Not all fat is made equal – some fats are better than others! Researchers from Norwegian University of Science and Technology have found that when fish is introduced into the diet of young children by the age of 9 months, and fish is eaten weekly, the risk for developing eczema reduces dramatically.

Cod liver oil might leave a nasty taste in your mouth, but it has many amazing benefits for your precious little one. From boosting their immune system, to improving cognitive functioning, to helping treat eczema. If your baby’s eczema starts to flare up, foods rich in omega-3 are a great natural eczema treatment that will boost immune system function and speed up the healing process.

6. Take probiotics

Probiotics are live bacteria and yeasts that are good for your health, especially your digestive system. Your body is full of bacteria, both good and bad. Probiotics, a good bacteria naturally present in our digestive tracts, help to keep your baby’s gut healthy.

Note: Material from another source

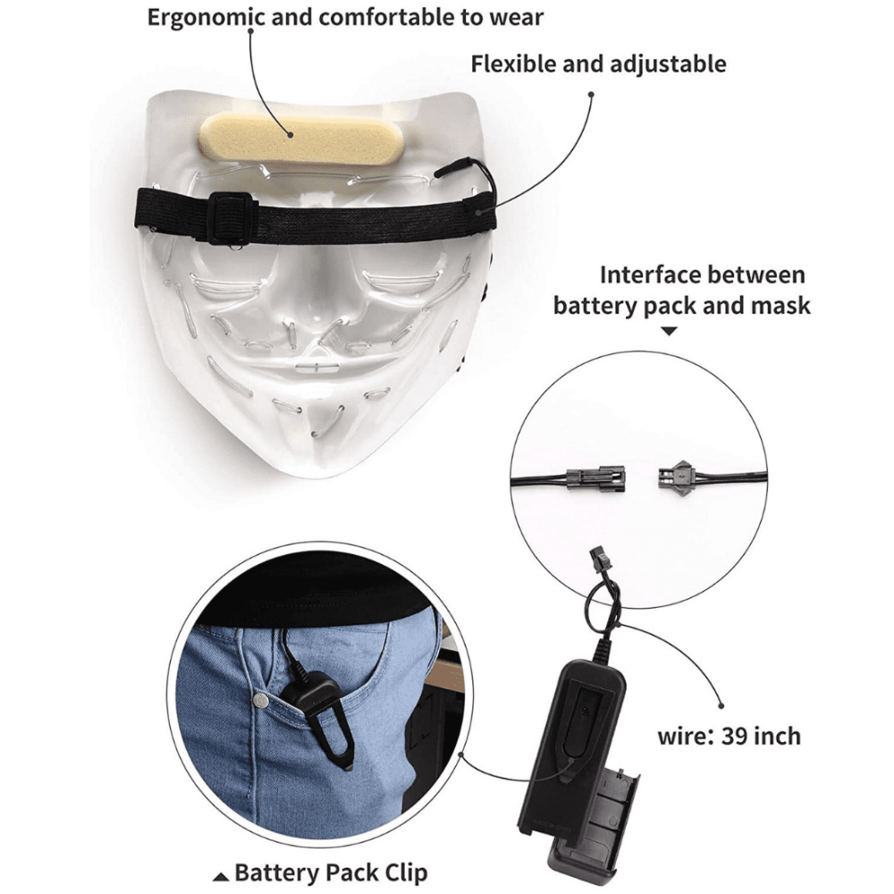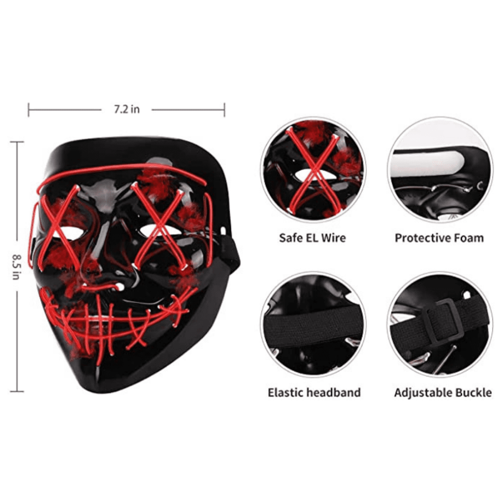 2-Pack Halloween LED Masks – Scary Light Up Face Masks with 3 Lighting Modes for Costume & Cosplay - Turn heads this Halloween with these 2-pack scary LED light-up masks, perfect for costumes, cosplay, and parties. Featuring 3 lighting modes and durable EL wire, these masks deliver a bright, eerie glow that’s sure to stand out. Made from eco-friendly, adjustable materials for a comfortable fit on men, women, and kids alike. Ideal for Halloween night, masquerade events, festivals, or themed parties.

Research has shown that probiotics can help prevent eczema in infants and decrease its severity. Probiotic will help improve digestion and nutrient absorption to help strengthen your baby’s immune system and less susceptible to allergens that can trigger eczema.

7. Get enough vitamin D

Vitamin D sits on the surface of the skin and increases the amount of good bacteria which can fight any irritants the skin comes into contact with. This means that it protects the skin from bad bacteria that can cause itchy skin, and it also reduces the levels of skin inflammation. This supervitamin also strengthens your baby’s skin barrier, giving more protection against eczema irritants and triggers.

We get our vitamin D from exposure to the sun (just be sure to lather on sunscreen with gentle ingredients) and vitamin D rich foods like cod liver oil, sardines and eggs.

These seven tips are just scratching the surface – remember that what causes eczema to flare up for one child might not be the same for another! Although doctors and researchers have yet to come up with a magic pill that cures eczema, these effective natural remedies can help prevent trigger future outbreaks and ease your little one’s discomfort when their eczema flares up.